Prompt =
Copying starts at the line containing "P. queenslandicum is" and stops after the last line of the records; each line is repeated exactly, and pictures are skipped.
START Data for the task
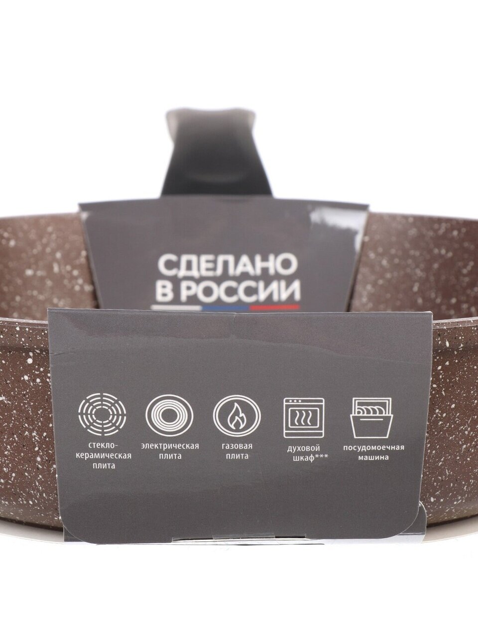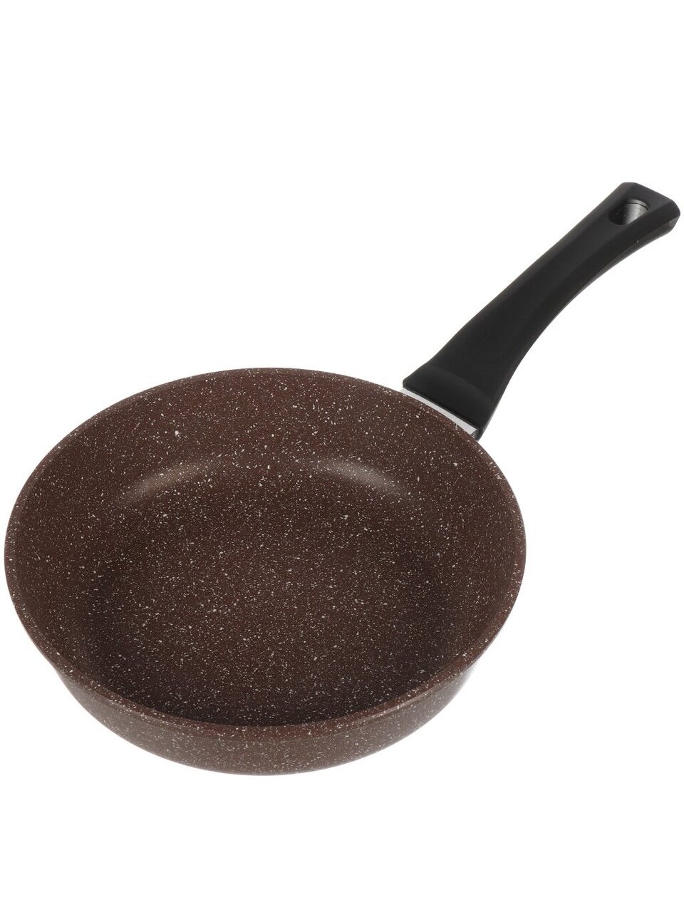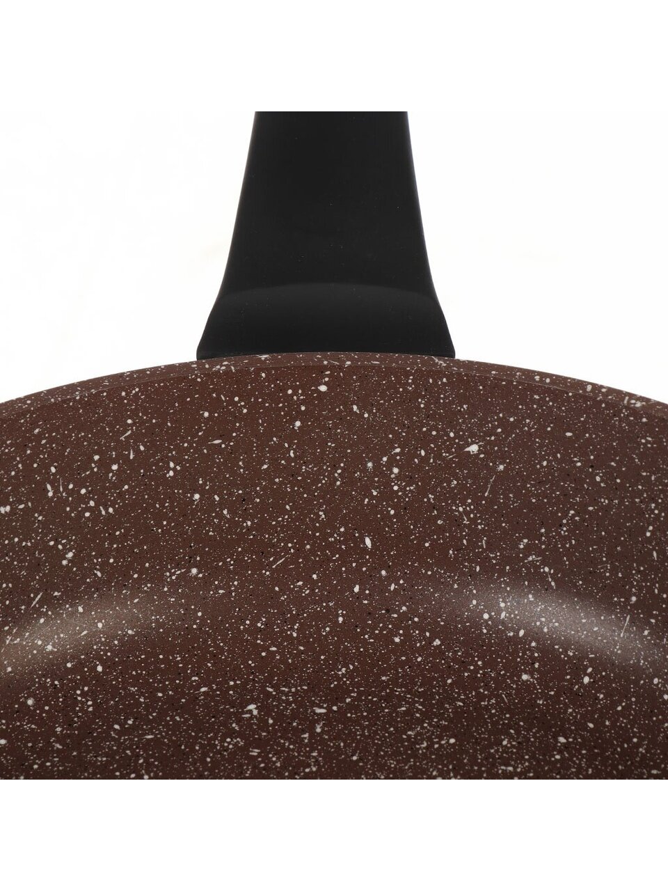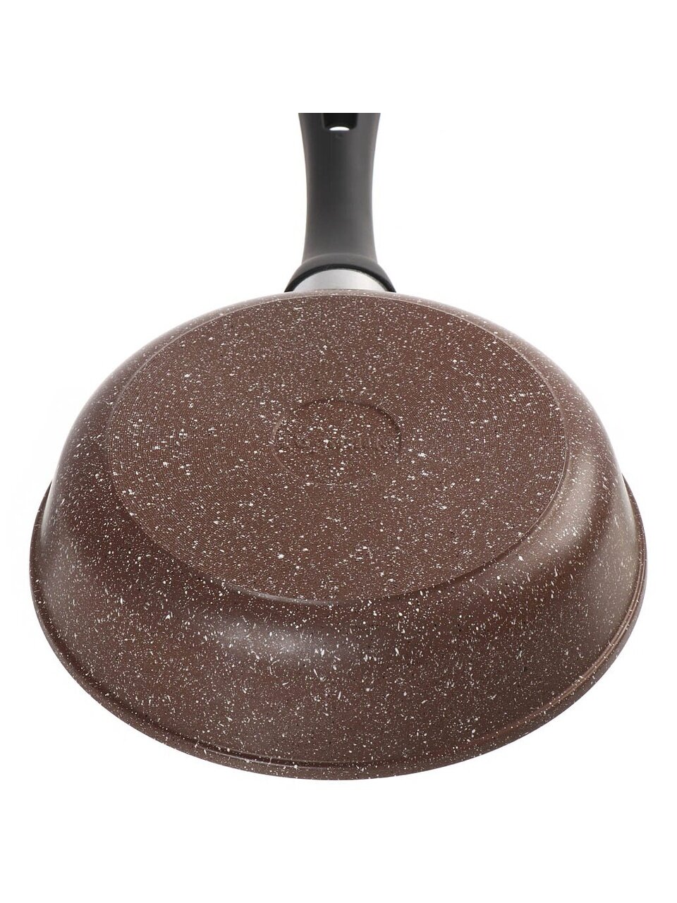 Сковорода Горница Шоколад 24 см — литой алюминий, мраморное антипригарное покрытие, 5 лет гарантии. Легко готовить без пригорания и мыть в посудомойке.
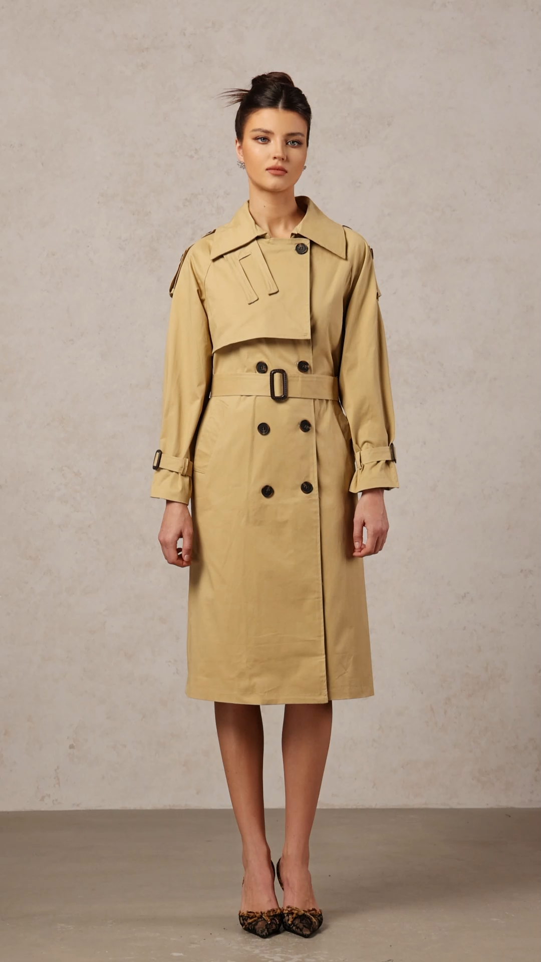 Judith Elegant Tailored Long Sleeve Woven Trench Coat
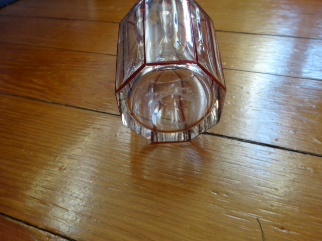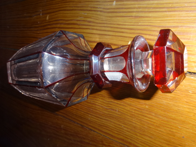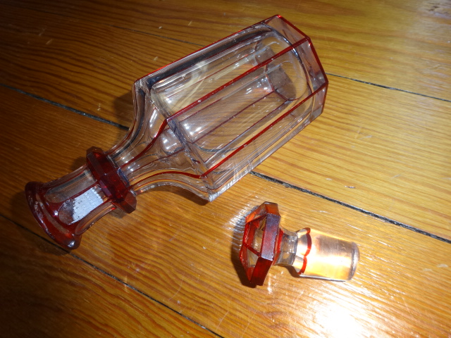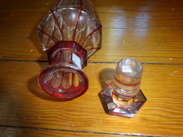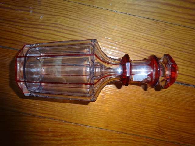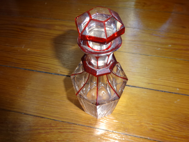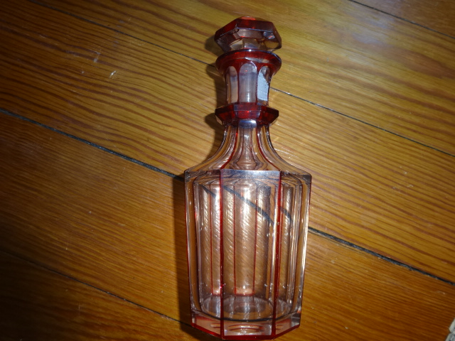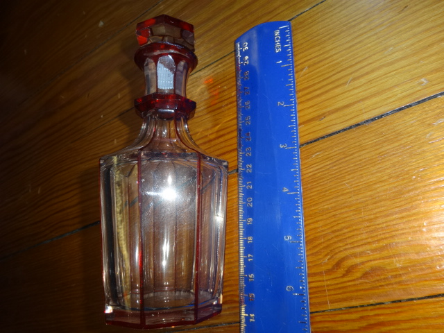 Here is a beautiful old hand cut crystal bottle with no haze that was hand blown with an applied ring on neck free from cracks, chips or damage in exceptional condition with its original ground glass stopper that fits tight. Would make a perfect weekend decanter, this highly decorative style doesn’t surface often. Measures 7” x 3”
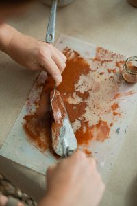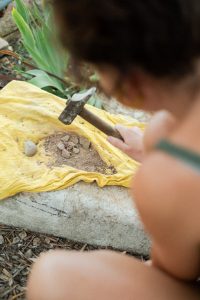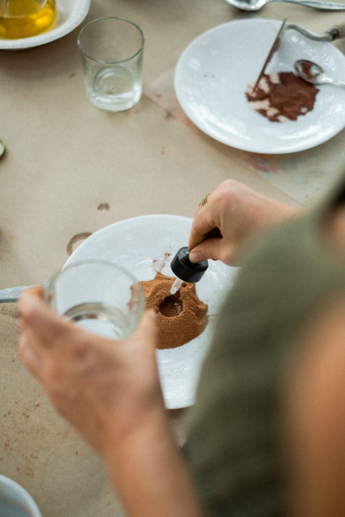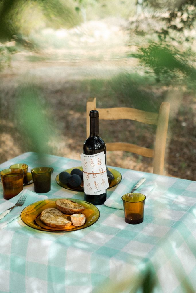 A partir de l’argila vermella de les vinyes on creix la Carinyena s’ha extret un tint natural que determina la cromàtica rogenca amb què s’han il·lustrat les figures de l’etiqueta.
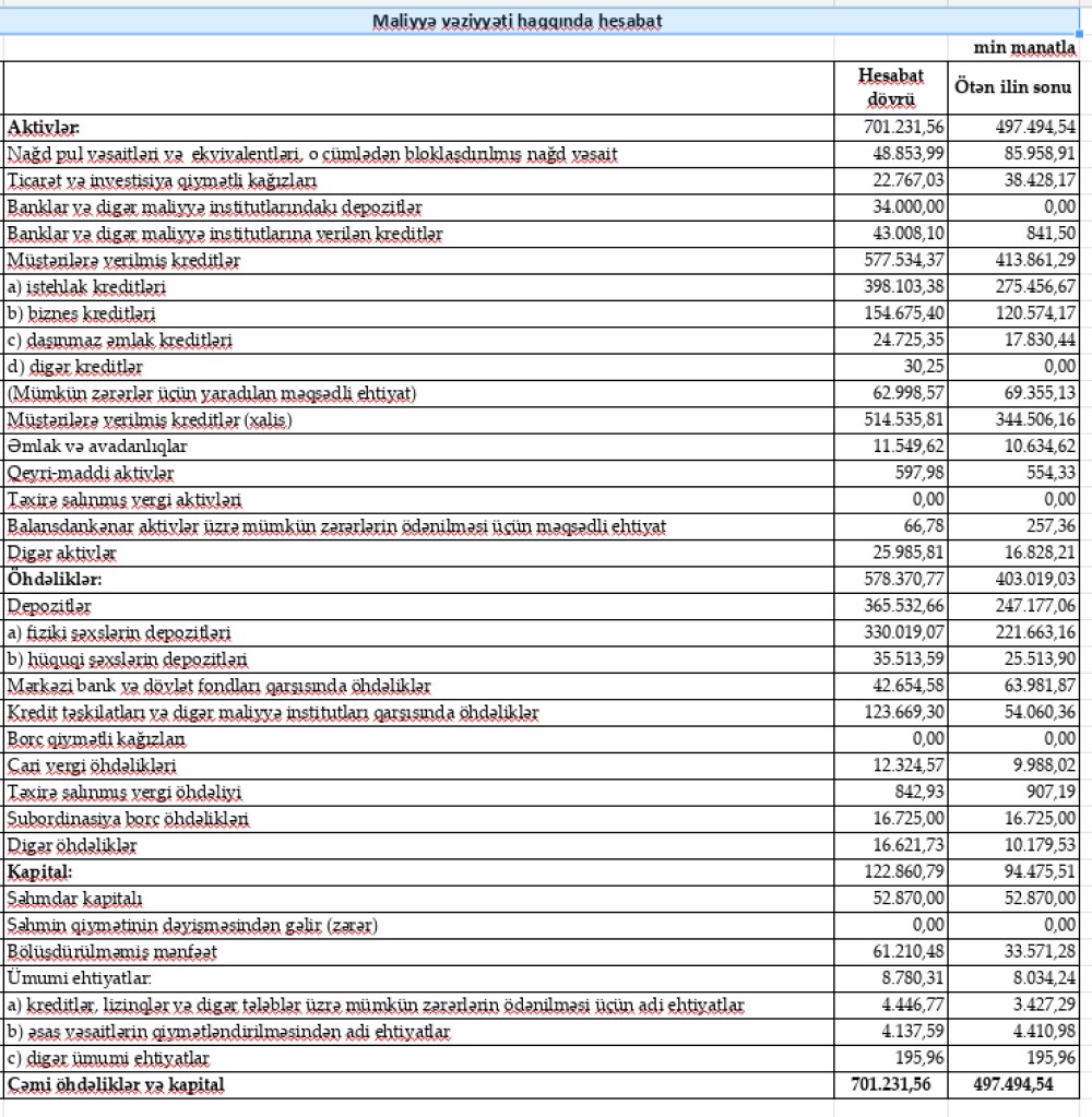 2022-ci ildə mümkün zərərlər üçün yaradılan ehtiyatlardan 12 milyon 103 manat azad olmuş və mənfəətə əlavə edilib. 2021-ci ildə ehtiyatdan azad olmuş 11 milyon 124 min manat mənfəətə əlavə edilmişdi.
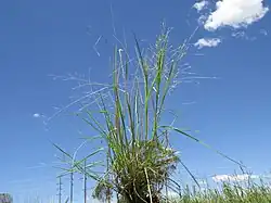 P. queenslandicum is a perennial grass that grows densely in clusters/tufts, reaching heights of up to 0.8 m high.
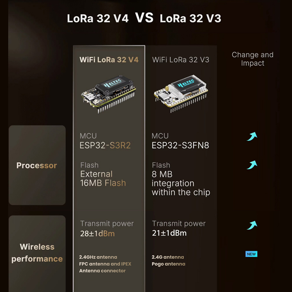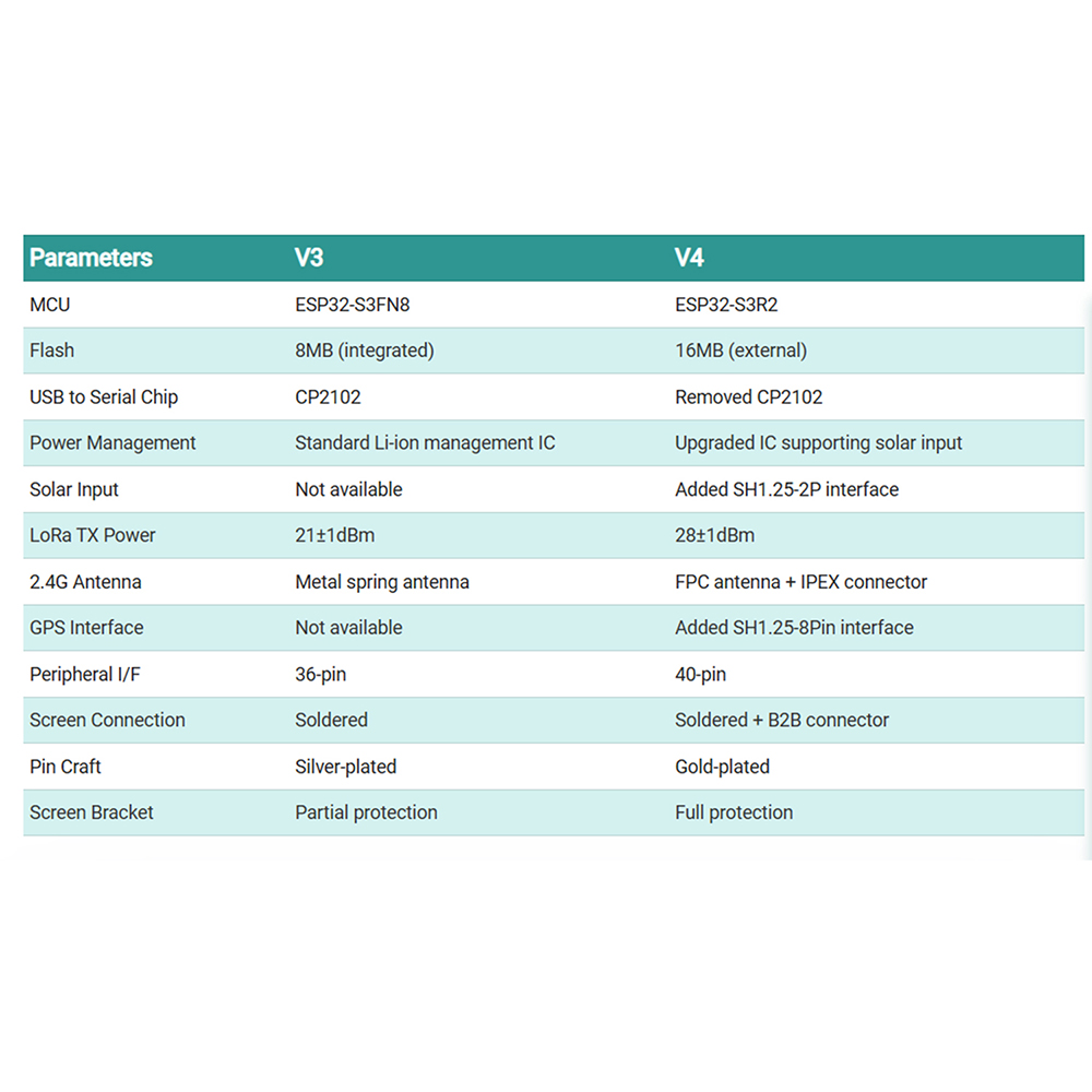 - Form factor and pinout compatible with WiFi LoRa 32 V3.
END Data for the task
Finished task =
 P. queenslandicum is a perennial grass that grows densely in clusters/tufts, reaching heights of up to 0.8 m high.
 - Form factor and pinout compatible with WiFi LoRa 32 V3.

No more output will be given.